Les contraceptions masculines actuelles font encore l’objet de méconnaissances. Le préservatif, connu de toutes et tous, fait l’objet d’une communication importante, insufflée par les campagnes de lutte contre le SIDA et renforcée depuis 2001 par les interventions scolaires à visée éducative et préventive. Les autres méthodes masculines, à l’instar de la vasectomie, conservent au contraire une image marginale, expliquée par une diffusion médiatique, médicale et pédagogique moins importante. En outre, les inconvénients des méthodes masculines actuelles semblent être trop importants pour les participant.e.s face aux avantages qu’ils comportent et ne permettent pas, à priori, de les adopter à long terme.

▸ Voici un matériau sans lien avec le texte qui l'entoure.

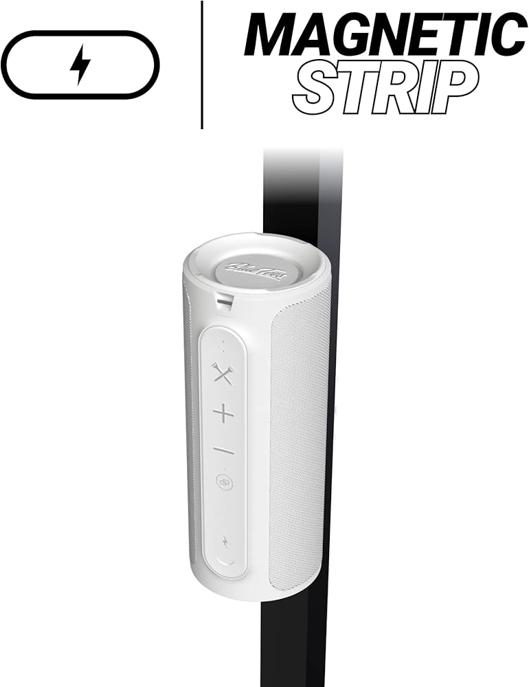 مغناطيس قوي للغاية - قم بتوصيل "اللاعب" بعربة الجولف أو الباب الخلفي أو صندوق الأدوات أو القارب أو أي سطح معدني آخر واستمتع بالموسيقى طوال اليوم. لا توجد مشكلة في عربة التسوق، تحقق من "المحور المغناطيسي" الخاص بنا لربط إكسسواراتك المغناطيسية المفضلة مباشرة بحقيبة الجولف الخاصة بك.
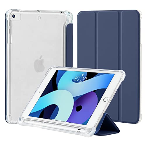 4UBonLife Fodral för iPad Mini 5 Mini 4 med Pennhållare 7,9 tum, Smalt Lätt Smart Cover Case, Mjuk TPU Genomskinligt Frostat Bakskydd Skal för iPad Mini 4:e 5:e, Mörkblå
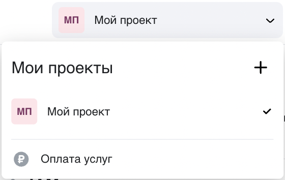 Откройте свойства вашего платежного аккаунта. Для этого выберите пункт Оплата услуг — либо в нижней части меню сервисов, либо из меню проектов.
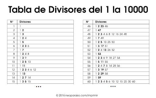 Lista De Divisores Tabla De Divisores De Cada Numero Lista Para Imprimir En Formato Pdf Para Divisores El Plano Cartesiano Mapa Fisico De Espana
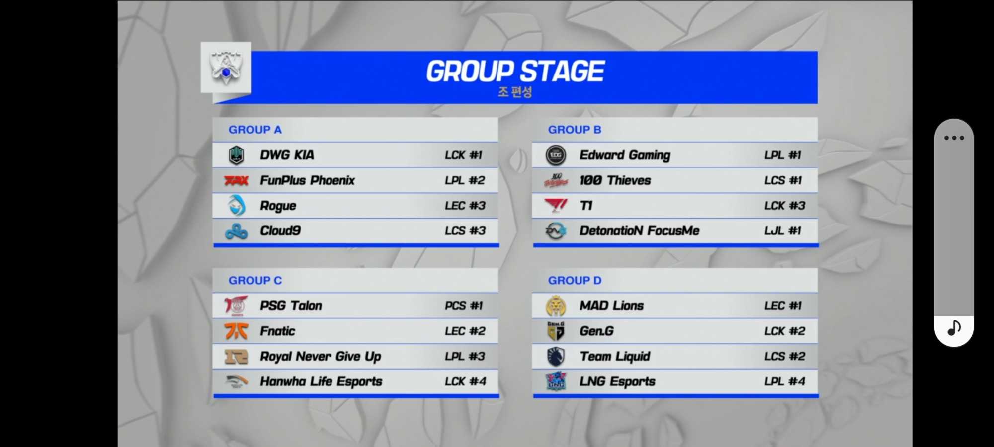2021 월드 챔피언십 그룹 스테이지 1라운드 3일차 아이슬란드 레이캬비크 뢰이가르달스회들 실내 스포츠 경기장 (단판 더블 라운드 로빈,11.19버전) (밤) 20 : 00 Royal Never Give Up vs Hanwha Life Esports 21 : 00 MAD Lions vs LNG Esports 22 : 00 FunPlus Phoenix vs Rogue 23 : 00 PSG Talon vs Fnatic (오전) 24 : 00 Gen.G vs Team Liquid 01 : 00 DWG KIA vs Cloud9 02 : 00 Edward Gaming vs DetonatioN FocusMe 03 : 00 100 Thieves vs T1 금목서 속 은목서 : 오늘이 고문당하는 날인가 봅니다( -_-) 14일 경기 없읍니다 1
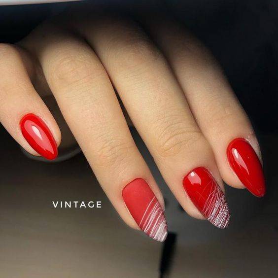 Любители яркого маникюра могут выполнить рисунок с «паутинкой» на сочных оттенках гель-лака. Для красных, розовых, желтых, оранжевых, синих, зеленых покрытий можно использовать черную «паутинку». Сверху ногти можно покрыть матовым финишем, это сделает дизайн еще более стильным.
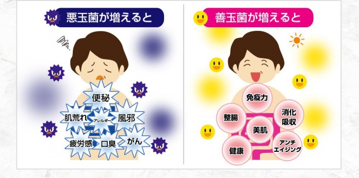 善玉菌:悪玉菌=2:1の割合で存在するような状況が良い状態。
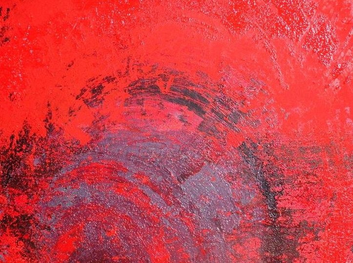 Een globale impressie van het schilderij "Redaround" 90x90cm.
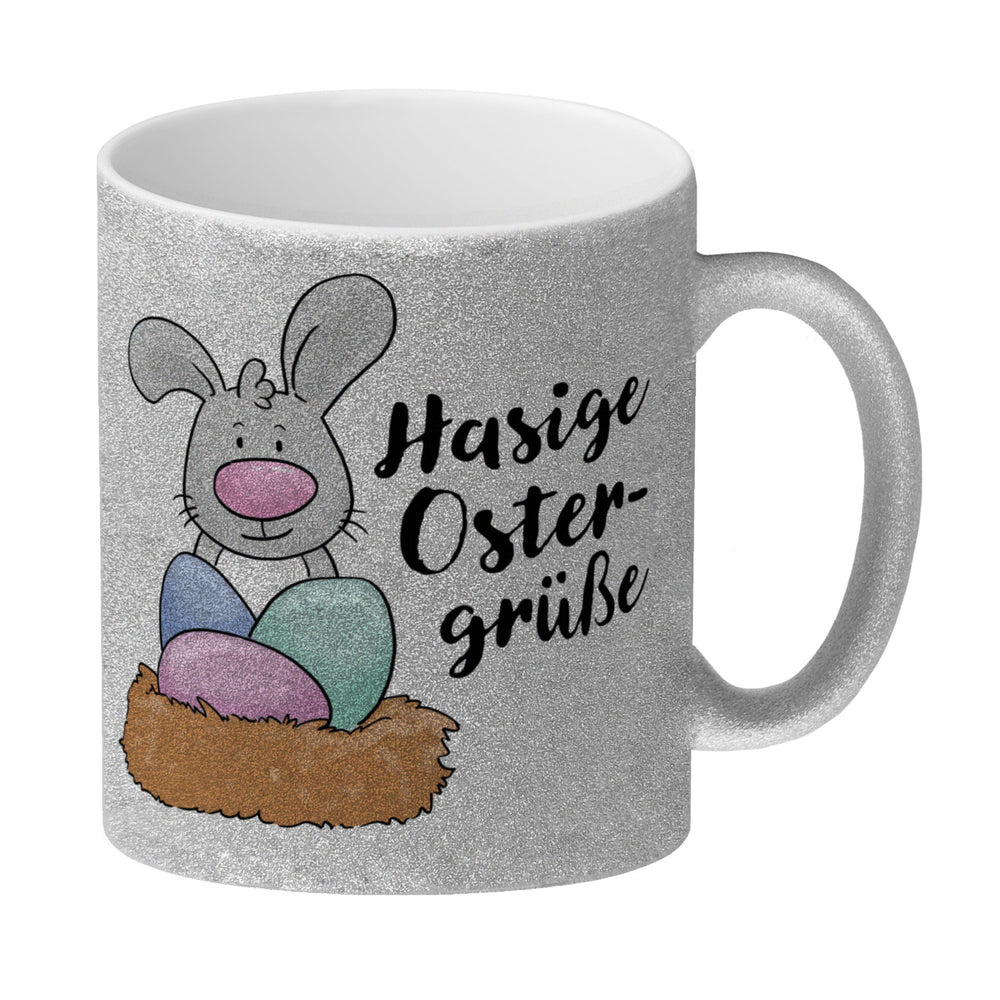• 1x Hasige Ostergrüße Kaffeebecher mit niedlichem Osterhasen in der gewählten Ausführung

Huit participant.e.s sur les dix interrogé.e.s se sont montrés ouverts et favorables au développement de nouvelles contraceptions masculines, dans l’objectif d’élargir le panel des contraceptifs pour effectuer un choix plus éclairé, ou dans celui d’un partage augmenté des responsabilités contraceptives. Mais malgré ces opinions majoritairement favorables, la peur de l’invasivité de la méthode ou des effets indésirables potentiels liés à l’utilisation d’hormones est très prégnante, dans un contexte de désaffection croissante pour la pilule. L’analogie entre effets de la pilule pour femme et ceux, encore virtuels, des contraceptions masculines, est faite par tous les répondant.e.s. Ces craintes interrogent alors indubitablement sur les facteurs psycho-sociaux gravitant autour de la contraception masculine et sur la place de la femme dans une société semblant encore très frileuse à toucher au masculin.

D’autres freins viennent se surajouter, parmi lesquels trône le manque d’investissement financier, politique, et scientifique qui bloque depuis toujours l’essor de la contraception masculine. Par suite, une communication presque absente au sujet des contraceptifs masculins préexistants et des essais cliniques en cours, ainsi qu’un positionnement parfois ambigü des professionnels de santé, contribuent à la pérennité d’une charge contraceptive essentiellement féminine.

Pourtant, les hommes interrogés font état d’une volonté claire et affirmé de s’impliquer dans la contraception, mais celle-ci se matérialise finalement davantage sous forme d’une participation à la gestion de la contraception de la femme et/ou du couple qu’à la

prise d’une contraception par l’homme. Par ailleurs, cette prise de contraception masculine est sans équivoque conditionnée par la confiance accordée par la femme à son partenaire ; si cette confiance semble acquise lorsqu’il s’agit d’un couple bien établi, elle demeure très difficile à accorder à un partenaire irrégulier et pourrait alors largement freiner l’acceptabilité de nouvelles contraceptions masculines type pilule. Finalement, tous ces freins évoqués font naître une question subsidiaire : la contraception masculine serait-elle un échec avant même sa mise au point ? De nouvelles études d’acceptabilité ainsi que d’exploration profonde des attentes et des craintes sont nécessaires pour trancher et contourner les obstacles qui persistent.